BRUSSELS (Reuters) - The European Commission proposed on Friday cutting direct subsidies to farmers while increasing the share of funds going to smaller farms, attracting criticism from France and other countries that benefit most from EU agriculture aid.
Under plans for the EU’s budget for 2021-2027, farmers would receive around 232 billion euros ($271 billion) in direct support, a drop of more than 30 billion euros from the current seven-year budget.
The Commission proposed giving more money to small farms and recommended member states set aside at least 2 percent of their direct agriculture funds from the EU for young farmers, but acknowledged that this could encourage larger farms to simply split up.
“Nobody stops farmers from splitting the farms,” the EU agriculture commissioner Phil Hogan told a news conference.
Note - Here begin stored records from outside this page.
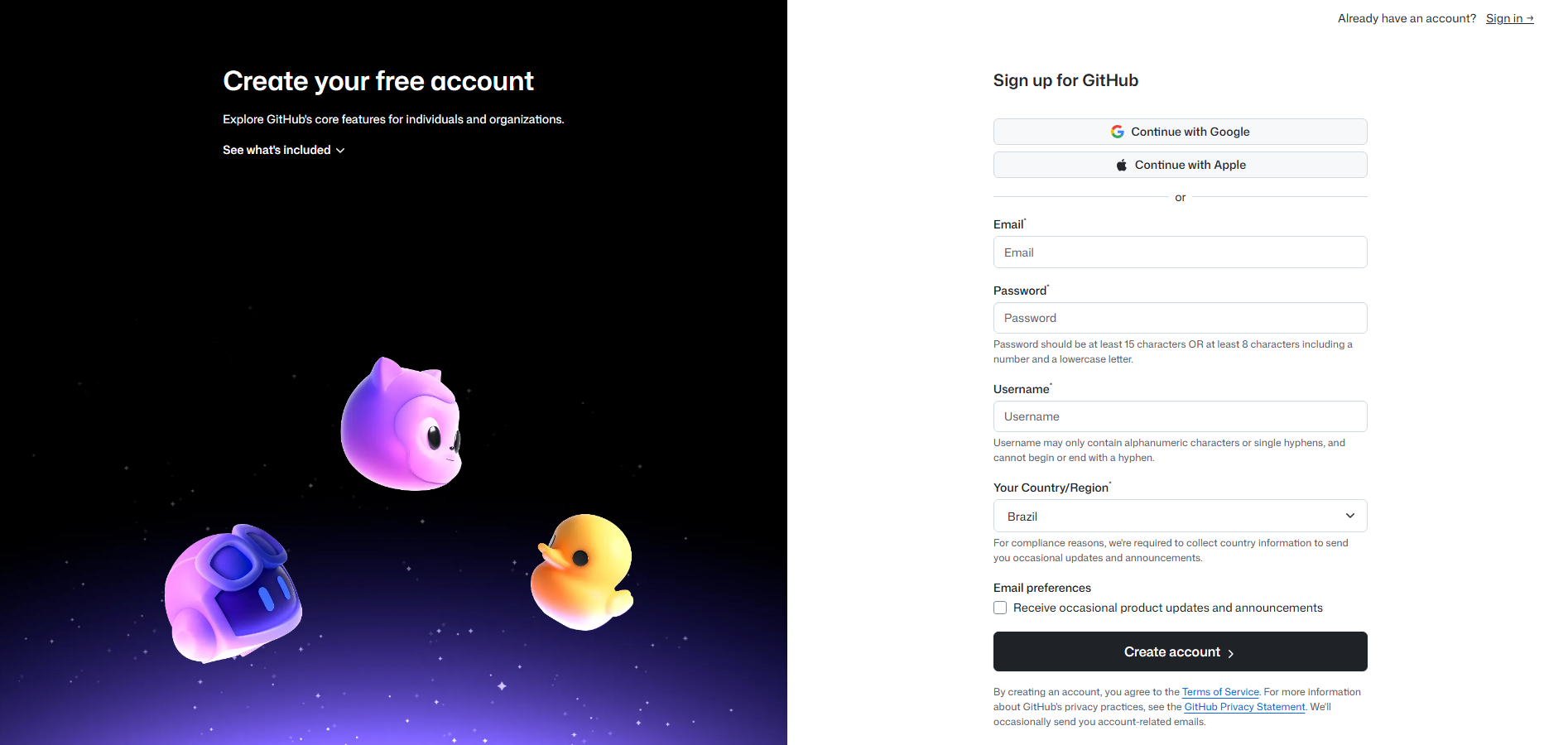 https://github.com/seu-usuarioFinalize o cadastro e confirme o email enviado pelo GitHub.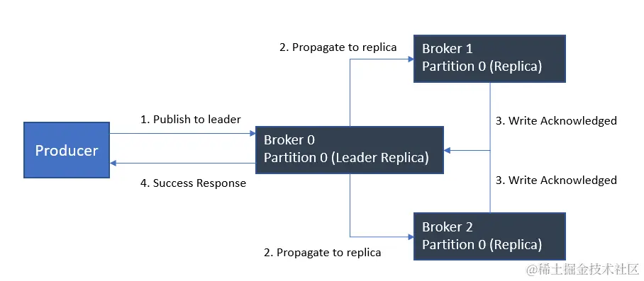 Kafka 生产者将数据写入分区的当前领导代理。如果我们希望消息在被视为成功写入之前必须写入最少数量的副本,我们需要设置在被视为成功写入之前acks需要确认收到消息的代理数量。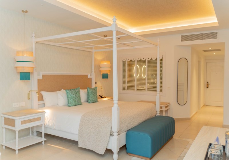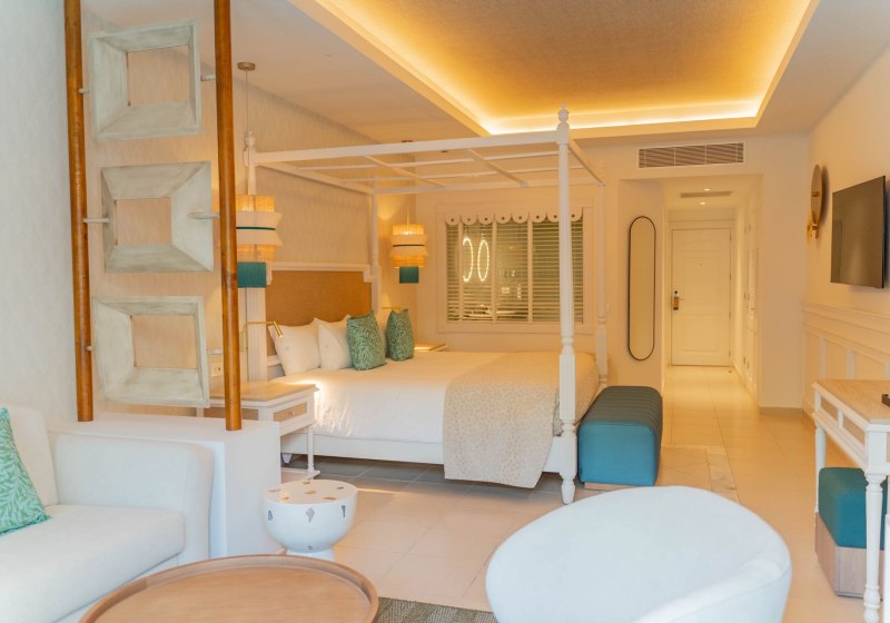 Ihr wohnt in Junior-Suiten mit klaren Komfortdetails: Klimaanlage, Deckenventilator und ein Kissenmenü sorgen für das passende Raumgefühl. Das Bad kombiniert Whirlpoolwanne und Dusche, ergänzt um Föhn und Vergrößerungsspiegel. Balkon oder Terrasse öffnen den Blick in die Anlage oder ins Grüne.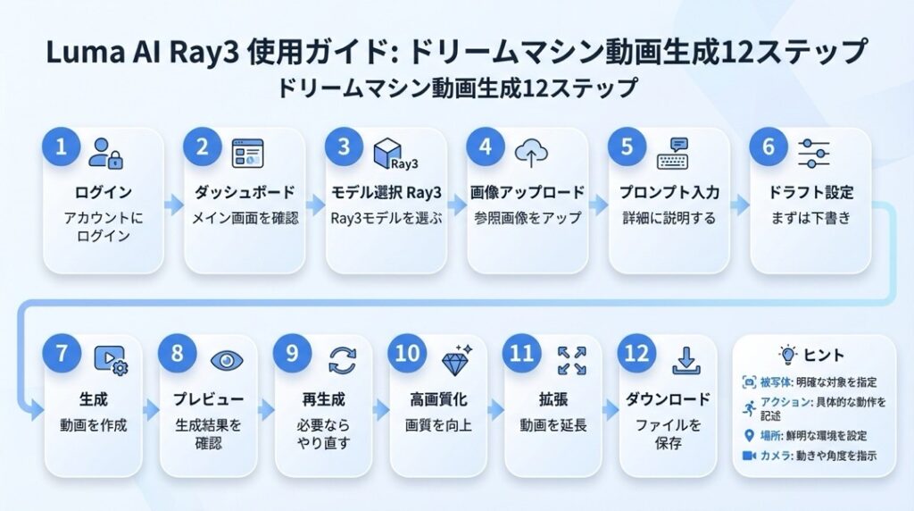 ここでは、最も基本的な「Dream Machine」というプラットフォームを使った方法を、ステップバイステップで解説します。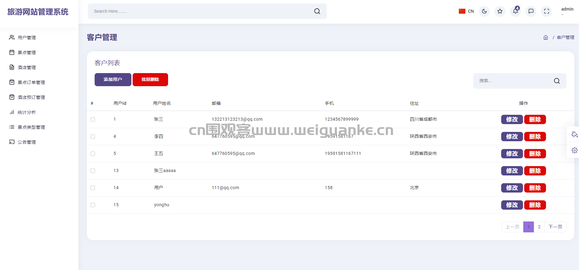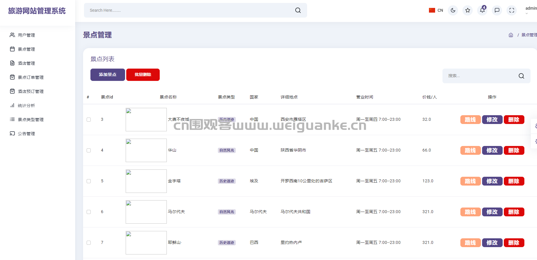 – 功能描述:管理员可以管理景点信息,包括添加、删除、修改景点。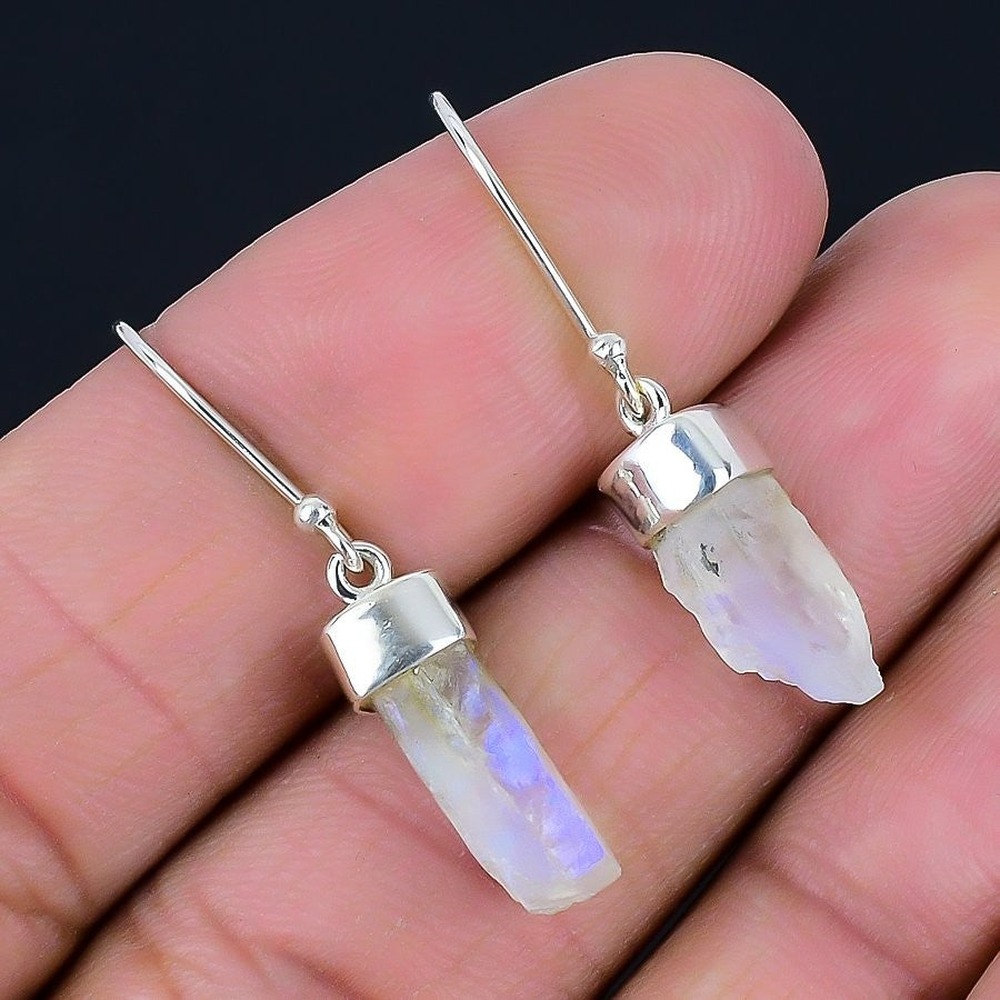 Natural Rainbow Moonstone 925 Sterling Silver Mother Hook Drop Dangle Earrings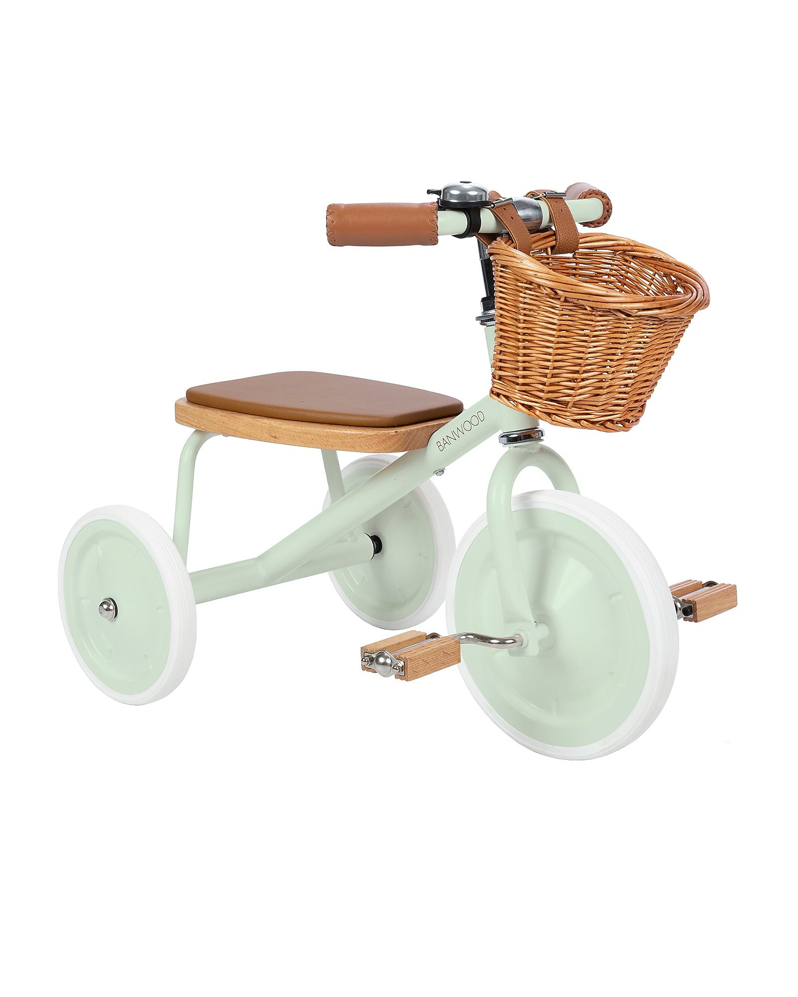 Wood and Vegan Leather Baby Trike - Mint - From 3 years old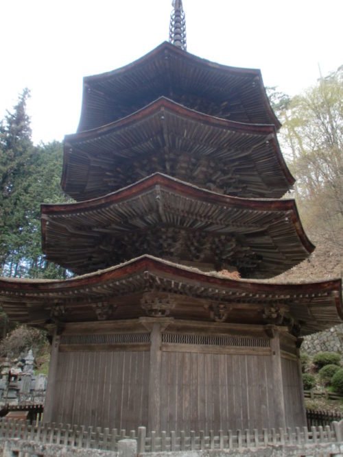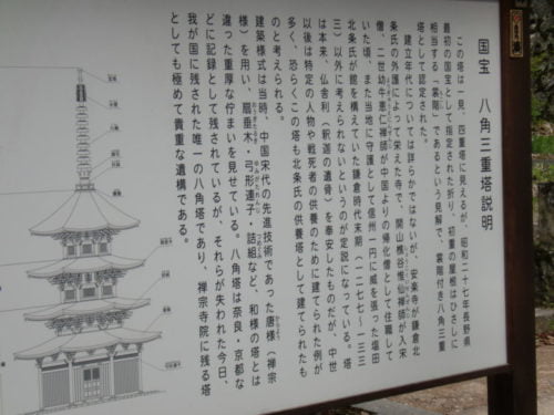 本堂の裏を登って行くと、国宝の八角三重塔があります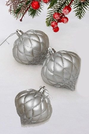 Мерцающая глиттером изящная ёлочная верхушка, обаятельные рельефные луковки, разнофактурные шары и элегантная пара сосулек - великолепный серебряный ансамбль, сохранивший поистине блестящие традиции!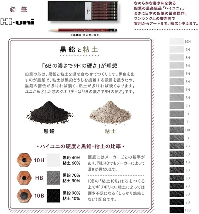 Uni Hi Wooden Pencil Art Set - 10B to 10H - Box of 22 (HUAS)
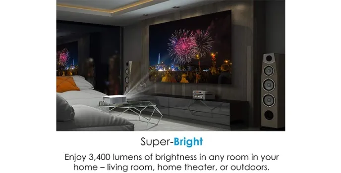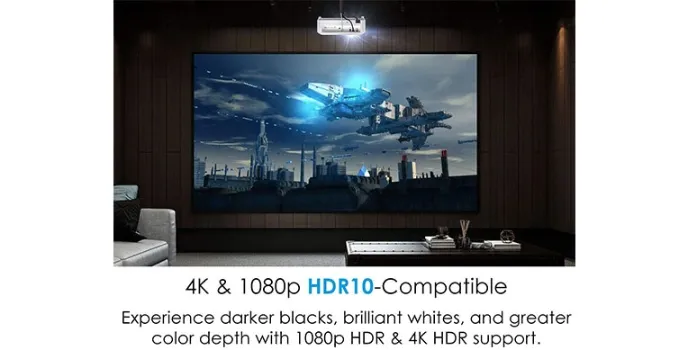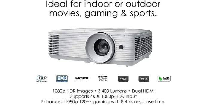 This projector is also super bright, with an incredible 3400 lumens illuminating the room or even outdoor settings. Optoma has HDR10 technology with DCI-P3 wide color gamut display that is useful to view perfectly and clearly.

The agriculture ministers of France, Spain, Portugal, Ireland, Finland and Greece immediately issued a joint statement saying they opposed the proposed cuts - which must be approved by all 27 EU members - and called for maintaining current spending levels.
French farmers would still receive the highest share of EU direct payments at more than 44 billion euros in the 2021-2027 period, but down from the 47.7 billion euros they received between 2014 and 2020.
Direct payments to farmers would still form the bulk of EU agriculture spending, or one fifth of all EU expenditure in the planned 1.1-trillion-euro long-term budget.
Spanish farmers, the second top beneficiaries of EU money, would see their funding drop to 29.7 billion euros, from 31.7 billions. Direct payments to Italian farmers would decrease to 22.1 billion euros from 24 billion euros.
As part of a wider policy to divert some EU money to new sectors, like research and security, most EU countries would see a drop in direct aid to their farmers, except the Baltic countries and other smaller eastern EU states who would see their funding increase.